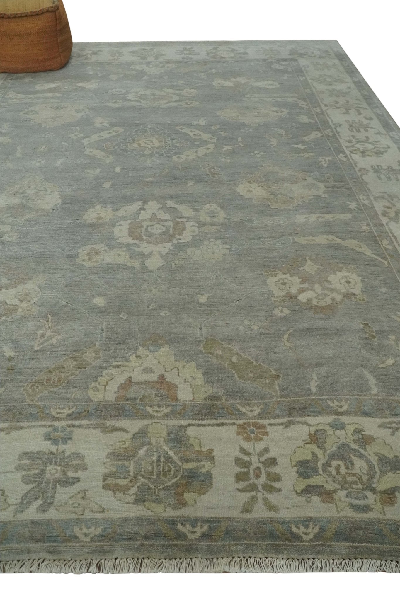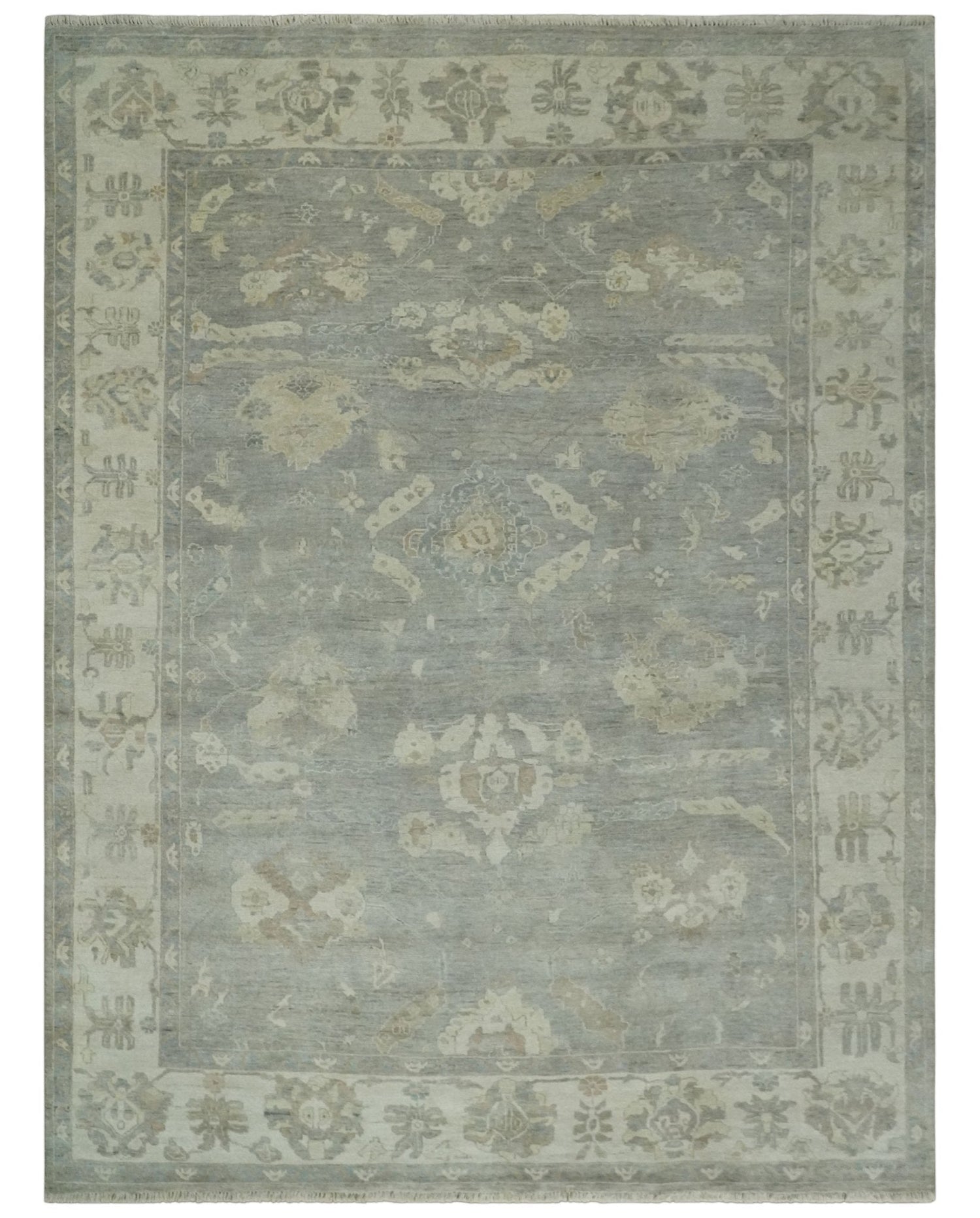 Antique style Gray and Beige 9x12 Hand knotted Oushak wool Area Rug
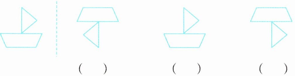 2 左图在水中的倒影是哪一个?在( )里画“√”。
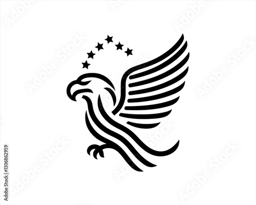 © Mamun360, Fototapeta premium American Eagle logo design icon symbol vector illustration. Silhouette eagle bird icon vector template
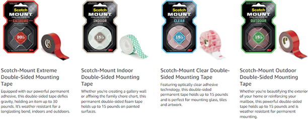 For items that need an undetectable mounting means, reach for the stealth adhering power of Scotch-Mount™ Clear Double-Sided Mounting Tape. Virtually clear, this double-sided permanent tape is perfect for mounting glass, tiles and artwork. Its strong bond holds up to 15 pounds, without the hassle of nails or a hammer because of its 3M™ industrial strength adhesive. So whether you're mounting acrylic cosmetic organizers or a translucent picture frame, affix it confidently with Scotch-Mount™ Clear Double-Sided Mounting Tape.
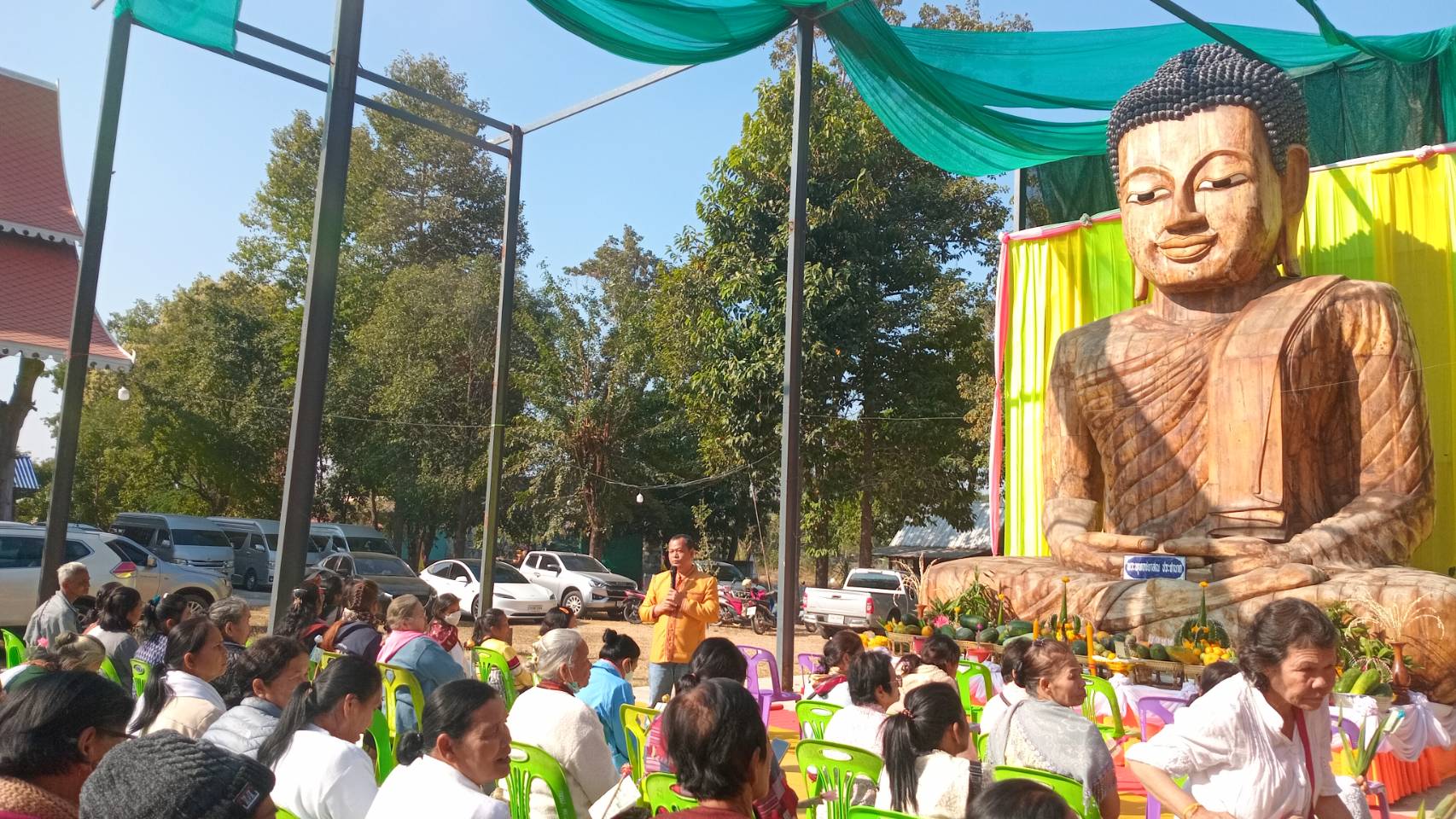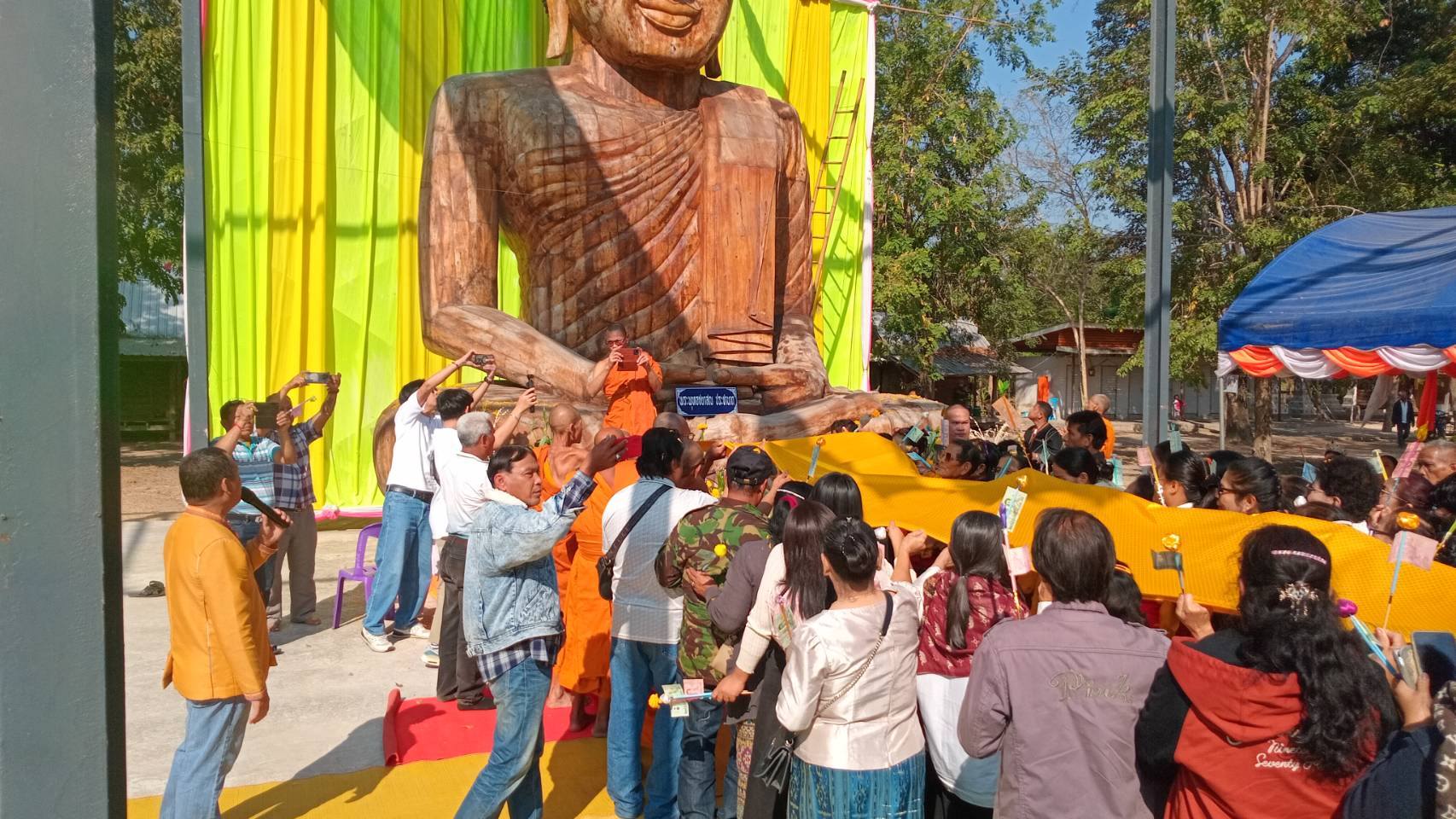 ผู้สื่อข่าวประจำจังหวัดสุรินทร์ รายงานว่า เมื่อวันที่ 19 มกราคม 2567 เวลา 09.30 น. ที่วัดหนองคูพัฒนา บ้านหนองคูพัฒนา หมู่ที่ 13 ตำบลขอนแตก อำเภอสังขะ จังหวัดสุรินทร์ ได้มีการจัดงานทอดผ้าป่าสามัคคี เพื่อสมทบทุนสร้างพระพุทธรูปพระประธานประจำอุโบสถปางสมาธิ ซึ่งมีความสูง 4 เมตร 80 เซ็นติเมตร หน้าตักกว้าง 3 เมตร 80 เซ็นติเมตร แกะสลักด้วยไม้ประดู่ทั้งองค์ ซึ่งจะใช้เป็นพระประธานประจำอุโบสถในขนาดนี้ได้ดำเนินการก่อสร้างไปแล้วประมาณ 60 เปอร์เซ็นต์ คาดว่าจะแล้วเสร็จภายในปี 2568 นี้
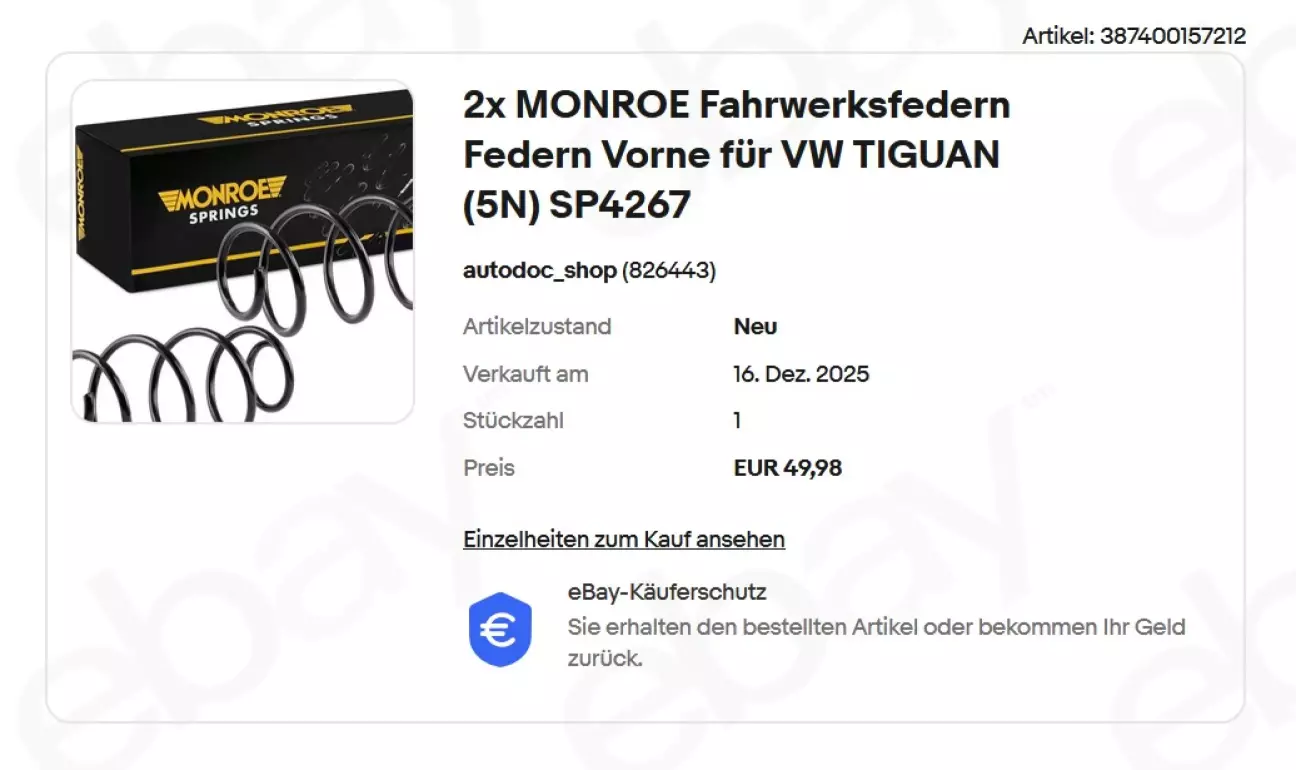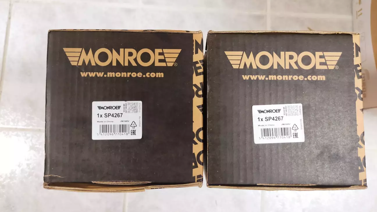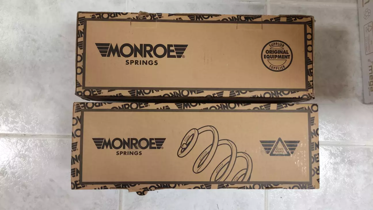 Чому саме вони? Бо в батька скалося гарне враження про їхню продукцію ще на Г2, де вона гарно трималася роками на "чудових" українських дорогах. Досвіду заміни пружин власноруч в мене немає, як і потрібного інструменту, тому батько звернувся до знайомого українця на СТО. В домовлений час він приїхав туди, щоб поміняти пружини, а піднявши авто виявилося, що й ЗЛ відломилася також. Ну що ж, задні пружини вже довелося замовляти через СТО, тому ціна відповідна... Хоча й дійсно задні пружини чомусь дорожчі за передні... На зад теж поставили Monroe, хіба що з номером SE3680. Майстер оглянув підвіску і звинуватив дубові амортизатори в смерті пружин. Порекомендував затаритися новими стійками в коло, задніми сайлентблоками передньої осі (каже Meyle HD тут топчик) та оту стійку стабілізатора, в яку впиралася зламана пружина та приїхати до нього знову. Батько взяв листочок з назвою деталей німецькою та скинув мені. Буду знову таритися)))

TASK BRIEF:
Transcribe exactly each line of the records from the start up to and including the one with "ผู้สื่อข่าวประจำจังหวัดสุรินทร์ รายงานว่า เมื่อวันที่", and leave out every picture.

YOUR RESPONSE:
 Antique style Gray and Beige 9x12 Hand knotted Oushak wool Area Rug
 2 左图在水中的倒影是哪一个?在( )里画“√”。
 © Mamun360, Fototapeta premium American Eagle logo design icon symbol vector illustration. Silhouette eagle bird icon vector template
 For items that need an undetectable mounting means, reach for the stealth adhering power of Scotch-Mount™ Clear Double-Sided Mounting Tape. Virtually clear, this double-sided permanent tape is perfect for mounting glass, tiles and artwork. Its strong bond holds up to 15 pounds, without the hassle of nails or a hammer because of its 3M™ industrial strength adhesive. So whether you're mounting acrylic cosmetic organizers or a translucent picture frame, affix it confidently with Scotch-Mount™ Clear Double-Sided Mounting Tape.
 ผู้สื่อข่าวประจำจังหวัดสุรินทร์ รายงานว่า เมื่อวันที่ 19 มกราคม 2567 เวลา 09.30 น. ที่วัดหนองคูพัฒนา บ้านหนองคูพัฒนา หมู่ที่ 13 ตำบลขอนแตก อำเภอสังขะ จังหวัดสุรินทร์ ได้มีการจัดงานทอดผ้าป่าสามัคคี เพื่อสมทบทุนสร้างพระพุทธรูปพระประธานประจำอุโบสถปางสมาธิ ซึ่งมีความสูง 4 เมตร 80 เซ็นติเมตร หน้าตักกว้าง 3 เมตร 80 เซ็นติเมตร แกะสลักด้วยไม้ประดู่ทั้งองค์ ซึ่งจะใช้เป็นพระประธานประจำอุโบสถในขนาดนี้ได้ดำเนินการก่อสร้างไปแล้วประมาณ 60 เปอร์เซ็นต์ คาดว่าจะแล้วเสร็จภายในปี 2568 นี้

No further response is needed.